- Problem
Using the data below, reproduce exactly the lines from the line with "Este sistema de" to the line with "1. Install the", both included; pictures must be dropped.

- Material supplied
· · · ·
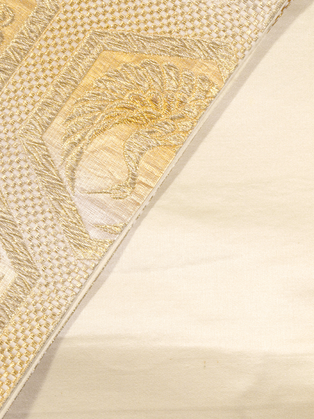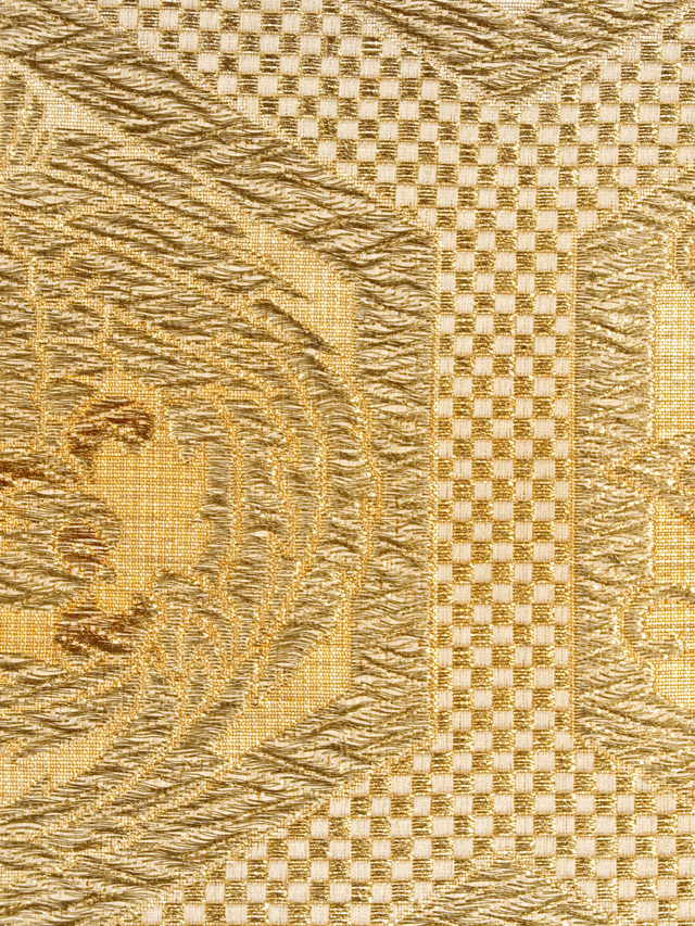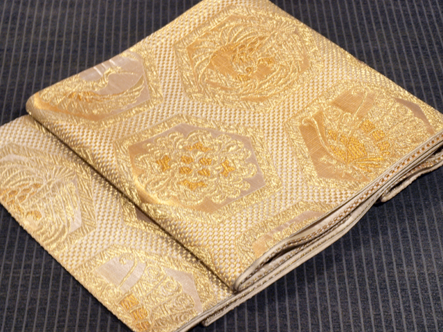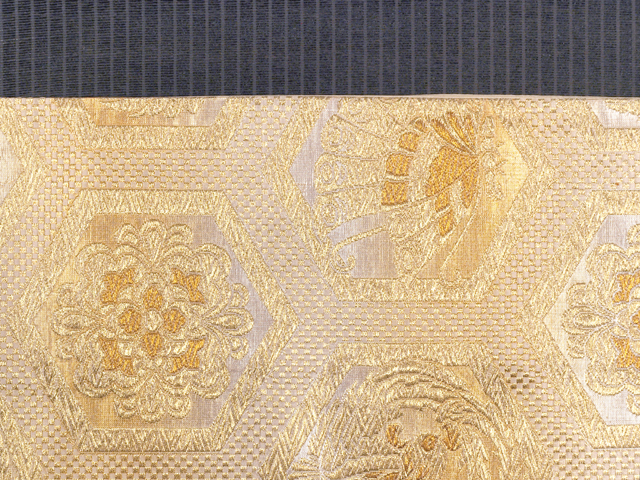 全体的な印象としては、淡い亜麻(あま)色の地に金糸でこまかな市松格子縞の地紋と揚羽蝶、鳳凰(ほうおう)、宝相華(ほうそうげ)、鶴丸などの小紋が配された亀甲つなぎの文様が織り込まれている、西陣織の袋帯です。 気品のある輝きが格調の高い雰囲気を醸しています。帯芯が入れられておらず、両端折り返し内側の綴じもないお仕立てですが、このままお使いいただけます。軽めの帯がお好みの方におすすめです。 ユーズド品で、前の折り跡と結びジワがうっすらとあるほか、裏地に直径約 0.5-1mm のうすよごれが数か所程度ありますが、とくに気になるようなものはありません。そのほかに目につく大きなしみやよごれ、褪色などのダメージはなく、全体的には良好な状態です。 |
· · · ·
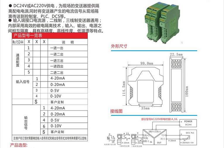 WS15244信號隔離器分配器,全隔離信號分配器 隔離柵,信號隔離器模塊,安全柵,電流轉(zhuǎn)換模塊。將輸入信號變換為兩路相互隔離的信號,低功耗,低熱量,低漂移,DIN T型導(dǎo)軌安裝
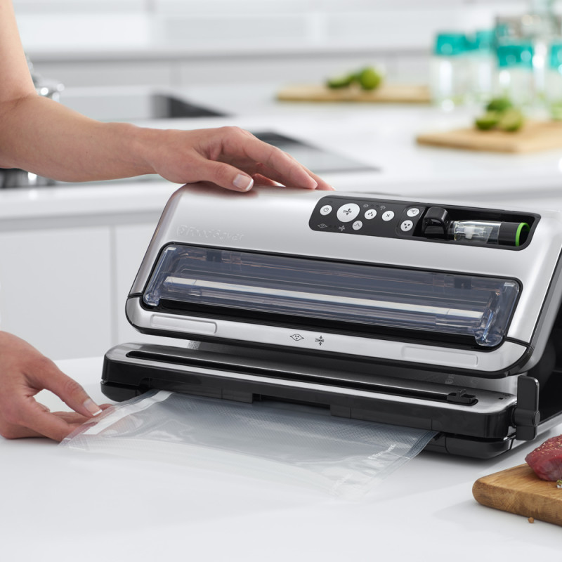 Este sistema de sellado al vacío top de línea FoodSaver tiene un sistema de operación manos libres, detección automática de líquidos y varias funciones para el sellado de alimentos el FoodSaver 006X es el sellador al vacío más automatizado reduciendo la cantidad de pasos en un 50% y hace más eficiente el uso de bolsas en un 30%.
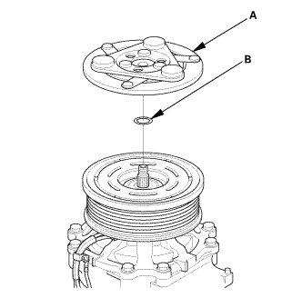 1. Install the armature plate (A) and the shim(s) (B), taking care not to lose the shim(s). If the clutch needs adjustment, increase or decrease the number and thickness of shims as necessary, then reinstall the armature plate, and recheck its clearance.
· · · ·
- Result of the exercise
 Este sistema de sellado al vacío top de línea FoodSaver tiene un sistema de operación manos libres, detección automática de líquidos y varias funciones para el sellado de alimentos el FoodSaver 006X es el sellador al vacío más automatizado reduciendo la cantidad de pasos en un 50% y hace más eficiente el uso de bolsas en un 30%.
 1. Install the armature plate (A) and the shim(s) (B), taking care not to lose the shim(s). If the clutch needs adjustment, increase or decrease the number and thickness of shims as necessary, then reinstall the armature plate, and recheck its clearance.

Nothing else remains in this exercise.